- **PROVIDED DATA**:
::::
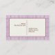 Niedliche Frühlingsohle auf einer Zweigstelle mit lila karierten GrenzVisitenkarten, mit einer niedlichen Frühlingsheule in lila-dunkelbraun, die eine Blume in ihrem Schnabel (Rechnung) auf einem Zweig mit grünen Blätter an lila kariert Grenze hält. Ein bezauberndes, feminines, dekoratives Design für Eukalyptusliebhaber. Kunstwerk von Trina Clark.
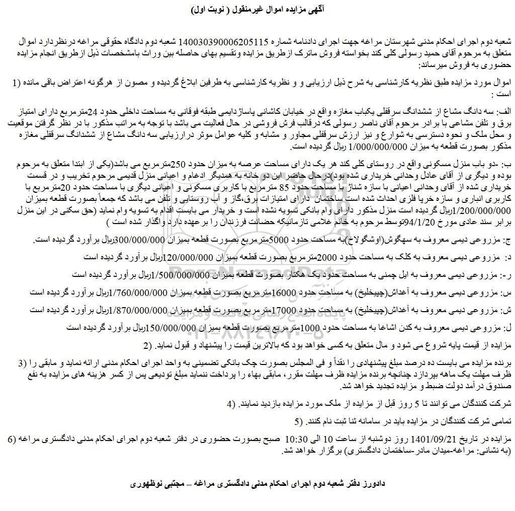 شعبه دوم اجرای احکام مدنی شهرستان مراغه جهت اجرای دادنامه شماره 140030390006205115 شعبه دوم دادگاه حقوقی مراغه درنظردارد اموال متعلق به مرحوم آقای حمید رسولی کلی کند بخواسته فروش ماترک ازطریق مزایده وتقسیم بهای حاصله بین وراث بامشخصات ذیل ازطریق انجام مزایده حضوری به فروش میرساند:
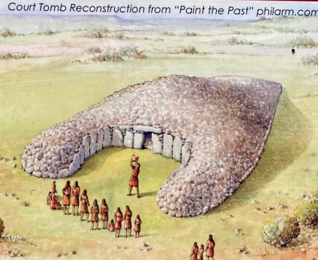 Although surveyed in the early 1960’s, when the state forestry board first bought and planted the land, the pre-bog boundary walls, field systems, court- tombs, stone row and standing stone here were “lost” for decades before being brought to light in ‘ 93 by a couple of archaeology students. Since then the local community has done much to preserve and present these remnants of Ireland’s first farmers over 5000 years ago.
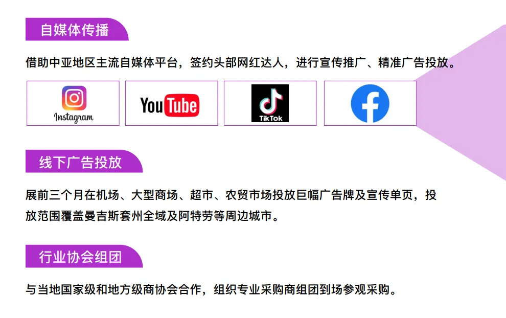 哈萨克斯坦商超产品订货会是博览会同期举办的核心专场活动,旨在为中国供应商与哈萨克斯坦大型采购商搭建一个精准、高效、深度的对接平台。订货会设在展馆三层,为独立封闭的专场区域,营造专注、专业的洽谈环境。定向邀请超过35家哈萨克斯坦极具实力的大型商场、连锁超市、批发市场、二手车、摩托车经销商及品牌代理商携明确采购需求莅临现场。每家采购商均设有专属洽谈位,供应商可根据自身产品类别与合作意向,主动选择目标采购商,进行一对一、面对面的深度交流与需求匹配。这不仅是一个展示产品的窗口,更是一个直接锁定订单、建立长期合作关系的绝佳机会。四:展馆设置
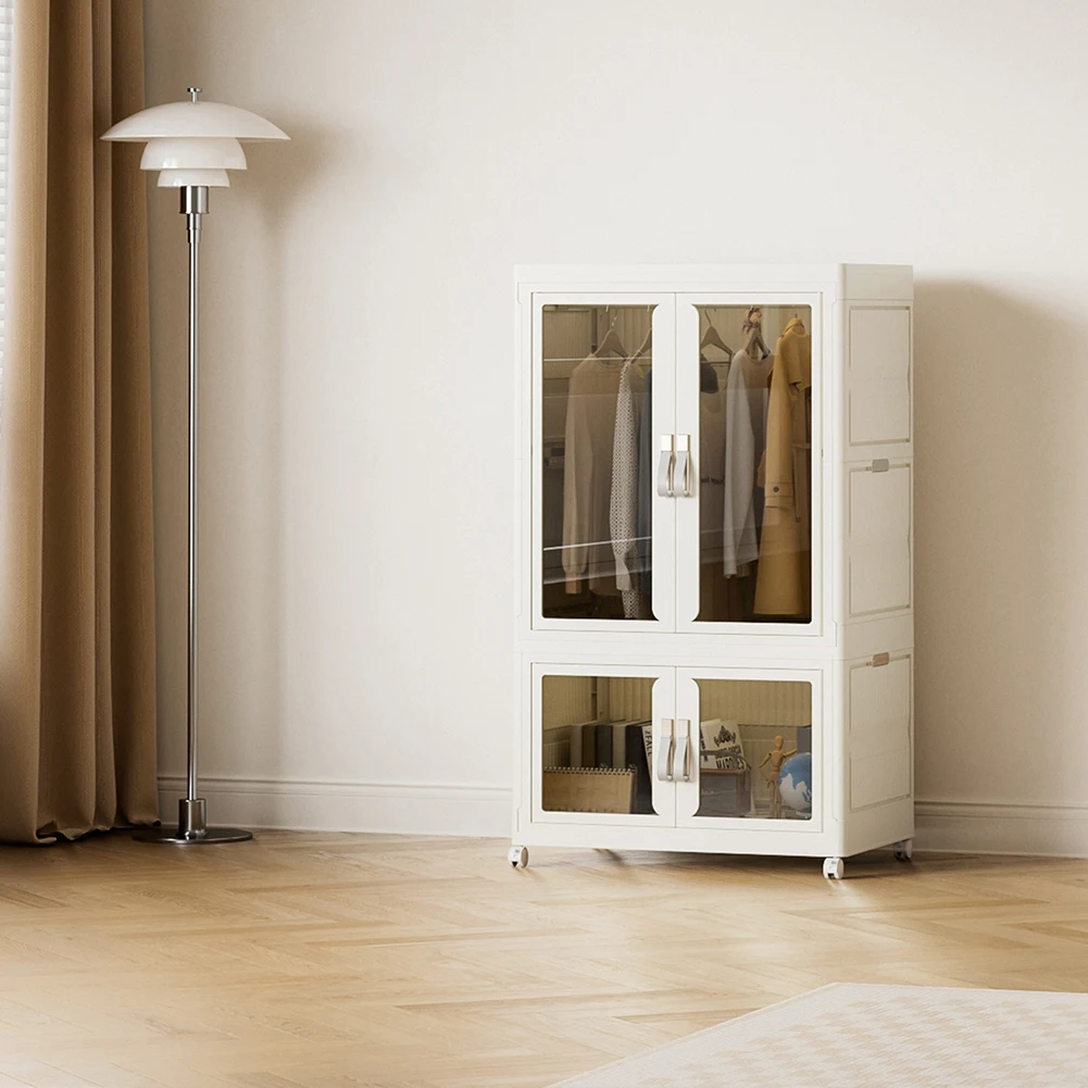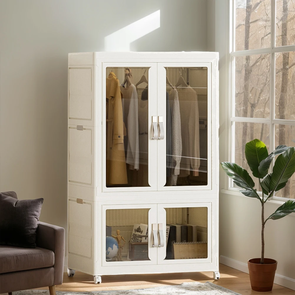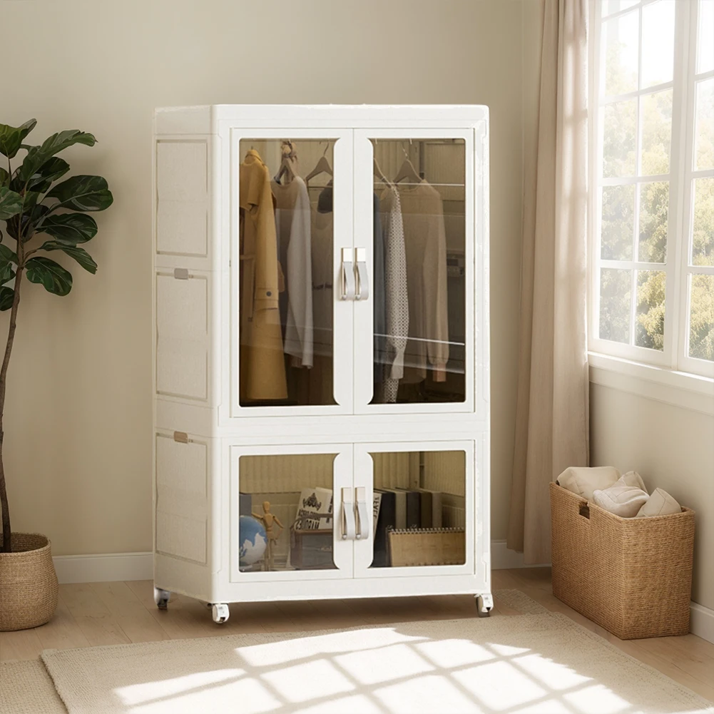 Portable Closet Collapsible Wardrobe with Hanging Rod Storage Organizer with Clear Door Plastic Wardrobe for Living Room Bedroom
::::
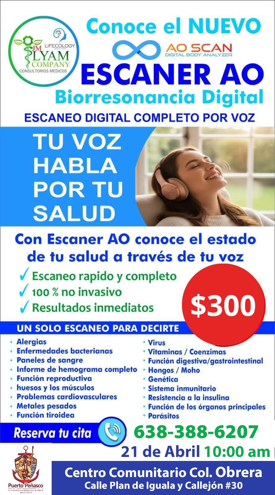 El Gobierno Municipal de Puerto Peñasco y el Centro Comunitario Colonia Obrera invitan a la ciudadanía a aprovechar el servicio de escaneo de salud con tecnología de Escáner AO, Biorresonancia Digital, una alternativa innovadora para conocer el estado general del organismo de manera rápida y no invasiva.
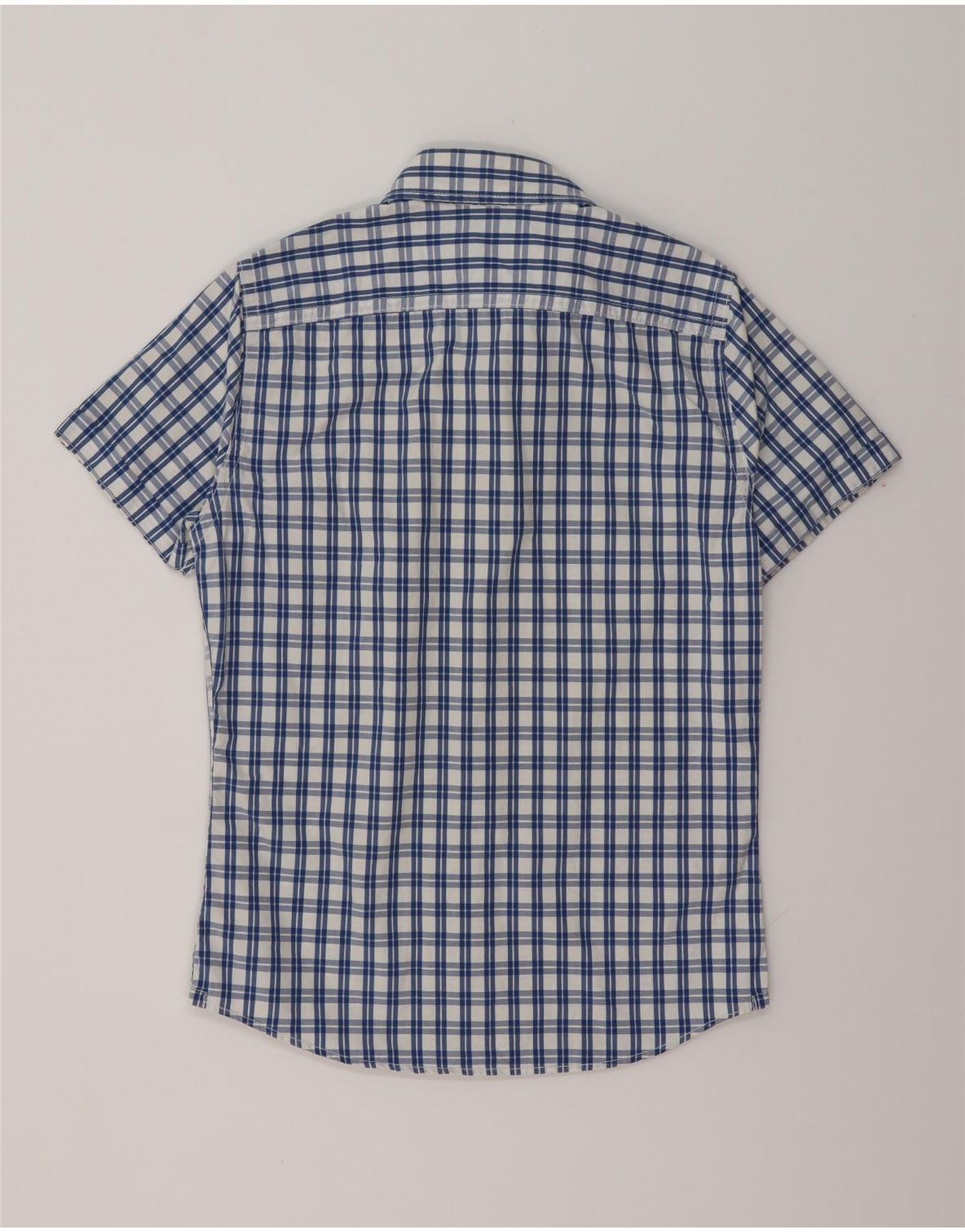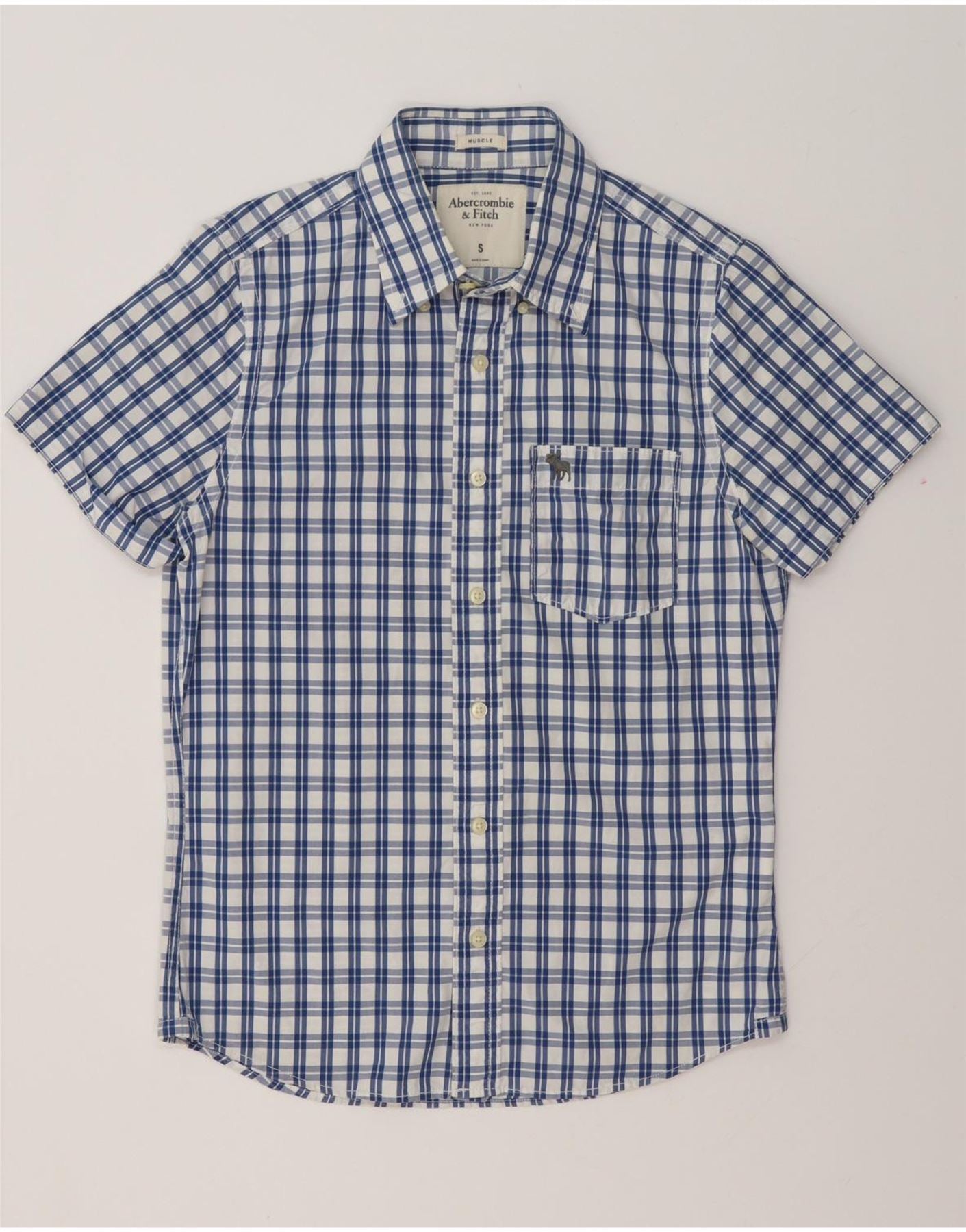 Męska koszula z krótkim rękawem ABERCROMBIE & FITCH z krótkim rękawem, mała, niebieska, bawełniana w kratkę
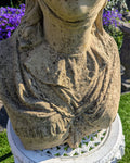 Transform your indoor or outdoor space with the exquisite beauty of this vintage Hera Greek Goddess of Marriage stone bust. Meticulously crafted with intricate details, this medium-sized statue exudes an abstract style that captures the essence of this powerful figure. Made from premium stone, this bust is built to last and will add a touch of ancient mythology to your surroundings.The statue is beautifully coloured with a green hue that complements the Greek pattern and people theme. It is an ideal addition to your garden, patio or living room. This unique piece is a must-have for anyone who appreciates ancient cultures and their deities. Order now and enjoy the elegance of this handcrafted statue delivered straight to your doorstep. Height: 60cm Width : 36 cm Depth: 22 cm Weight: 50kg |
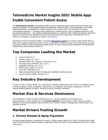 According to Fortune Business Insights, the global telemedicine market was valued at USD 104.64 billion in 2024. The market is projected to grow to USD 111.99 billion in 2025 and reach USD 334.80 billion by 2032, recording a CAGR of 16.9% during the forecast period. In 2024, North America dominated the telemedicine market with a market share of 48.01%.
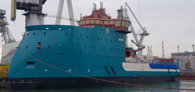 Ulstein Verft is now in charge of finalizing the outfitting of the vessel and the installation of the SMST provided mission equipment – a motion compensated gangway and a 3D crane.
::::
Using the entries above, reproduce word for word only the lines from the one that contains "El Gobierno Municipal" to the one that contains "Męska koszula z", both ends included, and drop every picture.

- **SOLVED PROBLEM**:
 El Gobierno Municipal de Puerto Peñasco y el Centro Comunitario Colonia Obrera invitan a la ciudadanía a aprovechar el servicio de escaneo de salud con tecnología de Escáner AO, Biorresonancia Digital, una alternativa innovadora para conocer el estado general del organismo de manera rápida y no invasiva.
 Męska koszula z krótkim rękawem ABERCROMBIE & FITCH z krótkim rękawem, mała, niebieska, bawełniana w kratkę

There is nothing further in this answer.